How To Start Rebuilding Your Credit
If your credit score isn’t where you want it to be right now, you’re not alone. The good news is that credit scores are designed to change over time, and even negative items will eventually drop off your report.
Here are some simple steps you can take to start rebuilding your credit:
✅ Keep your credit card balances low.
✅ Use tools like secured credit cards or credit-builder loans or self-report your monthly bills.
✅ Dispute credit report errors.
✅ Write a goodwill letter to ask a lender to remove a past late payment from your report.
🔗 Want more detailed tips? Check out our guide on How To Improve Your Credit Score After Bankruptcy or Debt.
Frequently Asked Questions About Credit & Credit Scores
Credit scores can be confusing — especially after bankruptcy or financial hardship. Below are answers to common questions we hear from folks trying to understand what affects their score, how long negative items stick around, and what steps can help clean things up.
Can You Remove Things From Your Credit Report?
You generally can’t remove accurate negative information from your credit report. But if something is incorrect, outdated, or doesn’t belong to you, you have the right to dispute it and ask for it to be removed.
How Long Do Negative Items Stay on Your Credit Report?
Most negative items — such as a car repossession or collections account — drop off your credit report automatically after seven years.

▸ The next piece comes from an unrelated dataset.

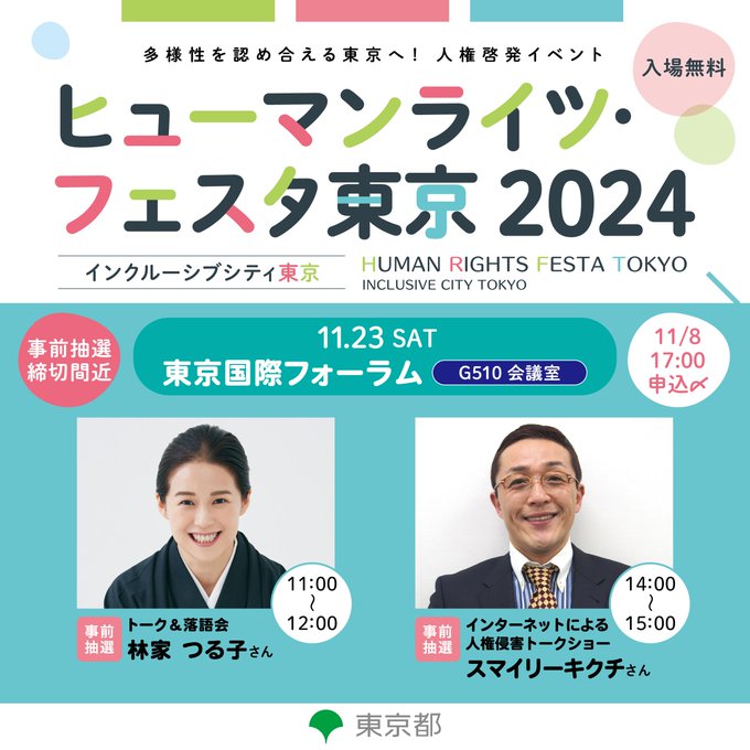 \締切間近ヒューマンライツ・フェスタ東京2024/11/23(土)・11/24(日)に開催する東京国際フォーラム会場の事前抽選申し込みは【11/8(金)17:00まで】となります!この機会をお見逃しな..
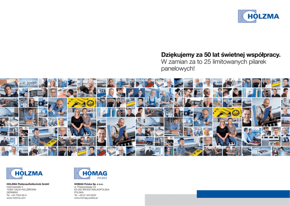 Dziękujemy za 50 lat świetnej współpracy. W zamian za to 25 limitowanych pilarek panelowych! HOLZMA Plattenaufteiltechnik GmbH Holzmastraße 3 75365 Calw-Holzbronn Germany Tel. +49 7053 69-0 www.holzma.com HOMAG Polska Sp. z o.o. ul. Pradzynskiego 24 63-000 SRODA WIELKOPOLSKA POLSKA Tel. +48 61 6474500 www.homag-polska.pl Świętuj z nami 50-lecie firmy HOLZMA! Z tej okazji mamy dla Ciebie prezent: Jedną z 25 jubileuszowych pilarek panelowych serii 3 w atrakcyjnej cenie! owa bileusz 6 ju ja c Ak .201 - 31.10 01.06. HPP 300 HPL 300 OFERTA LIMITOWANA: KORZYŚCI: WARUNKI: •z okazji 50-lecia firmy HOLZMA oferujemy 5 extra korzystnych cenowo maszyn z serii 3 (HPP 300,HPL 300) miesięcznie Pilarki z serii 3 są jak szyte na miarę. Dotyczy to również wersji jubileuszowej tych maszyn. Przy wyborze wyposażenia nie stawiamy Tobie żadnych ograniczeń. Dzięki temu będziesz mógł się cieszyć z doskonale “skrojonej” maszyny. Pospiesz się – to oferta limitowana! Czas trwania: Od 01.06 do 31.10.2016. Uwaga: Akcja nie łączy się z innymi promocjami. Akcja obejmuje 25 jubileuszowych pilarek panelowych. Decyduje data i czas wpłynięcia zamówienia do HOMAG Polska Sp. z o.o., Środa Wlkp. bądź HOLZMA Plattenaufteiltechnik GmbH, Holzbronn. Czas dostawy: Szybki czas realizacji Twojego zamówienia. •5-miesięczny czas trwania oferty (czerwiec-październik 2016) Dobierz sobie odpowiedni model jubileuszowy: • HPP 300 bądź HPL 300 • indywidualnie wyposażony • w specjalnej jubileuszowej cenie Zainteresowany? Zapraszamy po szczegóły do Działu Handlowego HOMAG Polska! Nie zwlekaj – Oferta LIMITOWANA!

Chapter 7 bankruptcy is an exception: It generally stays on your credit report for 10 years.
You can write a credit dispute letter to request to have items removed from your credit report if there are inaccuracies in the account information.
How Long Does a Bankruptcy Stay on Your Credit Report?

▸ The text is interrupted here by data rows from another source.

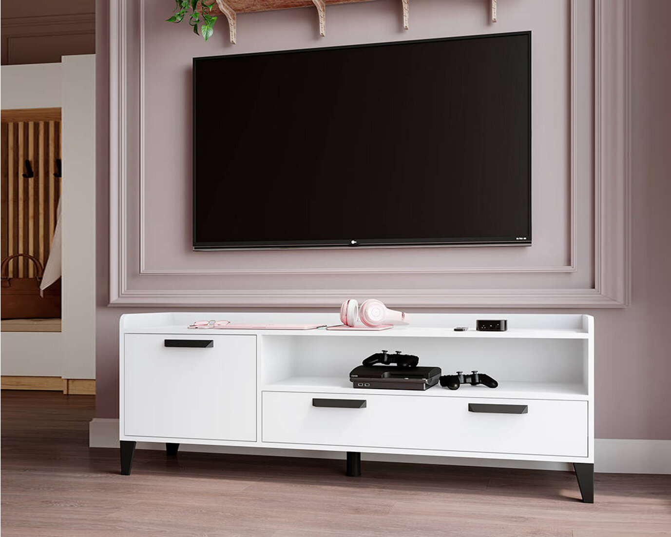 Тумба ТВ Парус-4 Белый с тиснением "Древесные поры" ЛДСП с полками, ящиком для гостиной, спальни, 490х1200х375, тэкс
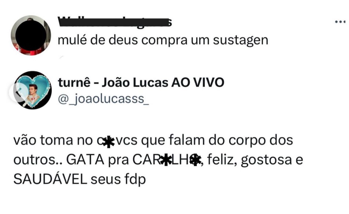 Alguns perfis nas redes sociais fizeram observações sobre o físico de Sasha, incluindo comentários do tipo “Mulé de Deus, compra um sustagen”. João Lucas respondeu de forma enfática e sem rodeios.
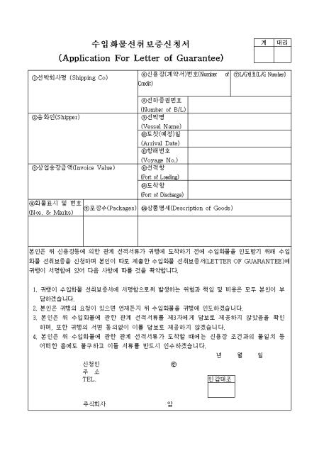수입화물을 인도받기 위해 수입화물 선취보증을 신청할때 사용하는 양식입니다.

Chapter 7 stays on your credit report for 10 years, while Chapter 13 stays on your report for seven years. But the negative impact on your score lessens over time.

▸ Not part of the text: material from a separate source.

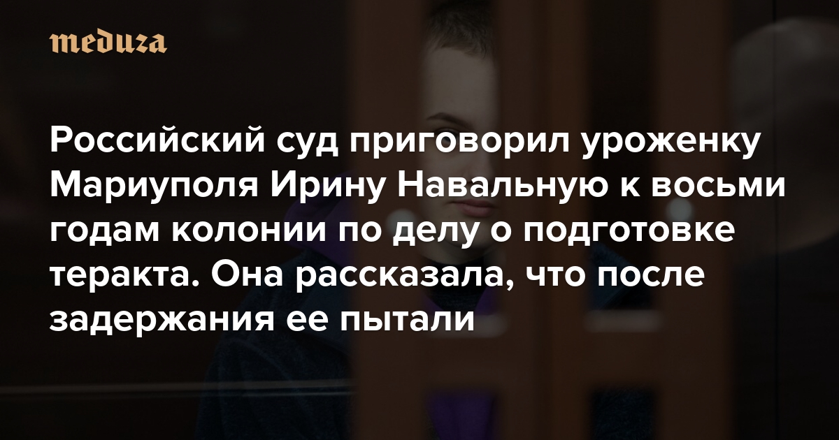 «Думаю, первую роль в том, что ее задержали, сыграла фамилия» Российский суд приговорил уроженку Мариуполя Ирину Навальную к восьми годам колонии по делу о подготовке теракта. Она рассказала, что после задержания ее пытали
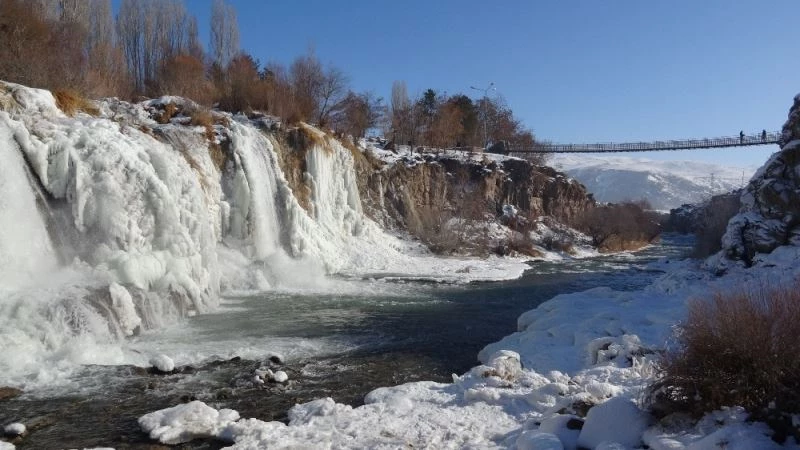 Buzdan gelinliğini giyen Muradiye Şelalesi büyülüyor

And you don’t have to wait for the bankruptcy to fall off your credit report before you start rebuilding. Many people see improvements within a year through consistent, on-time payments and responsible credit use.
What’s Considered a Good Credit Score for Buying a Car?
Most lenders want to see a score of at least 670 to offer favorable auto loan terms. But it’s possible to finance a car with a lower score. You may just face higher interest rates or need a co-signer. Some dealerships work with scores in the 500s, though interest rates can be steep.
Some people choose to purchase a car with a higher interest rate and then refinance once they get their credit score up.
How Do Student Loans Affect Your Credit Score?
Student loans affect your credit score like any other loan. On-time payments can help your score, while missed payments or defaulting can hurt it.
If your loans are in deferment or forbearance, they usually don’t count against you, but once they enter repayment, your history matters
Do You Need Good Credit To Get Student Loans?
Federal student loans don’t require a credit check for most borrowers. But private student loans usually do. With private student loans, the better your score, the lower your interest rate will be.
When Do Student Loans Fall Off Your Credit Report?
It depends on whether they’re in good standing or in default.
If you’ve defaulted on the loan, it will typically fall off your credit report seven years after the date of the first missed payment that led to default.
If your loans are in good standing, they’ll usually stay on your credit report for 10 years. This is good because it helps your credit history.
If you’ve had a student loan forgiven or discharged, it won’t disappear right away. It usually remains on your report (as a closed account) for up to 10 years, depending on the credit bureau’s policy.
⚠️ If your loan information is inaccurate or should no longer be there, you have the right to dispute it.
Why Is My Credit Score Still Low Even After I’ve Paid Off Debt?
Paying off debt helps, but credit scores also reflect positive activity over time — like on-time payments, low balances, and account age. Keep going. Progress is often gradual.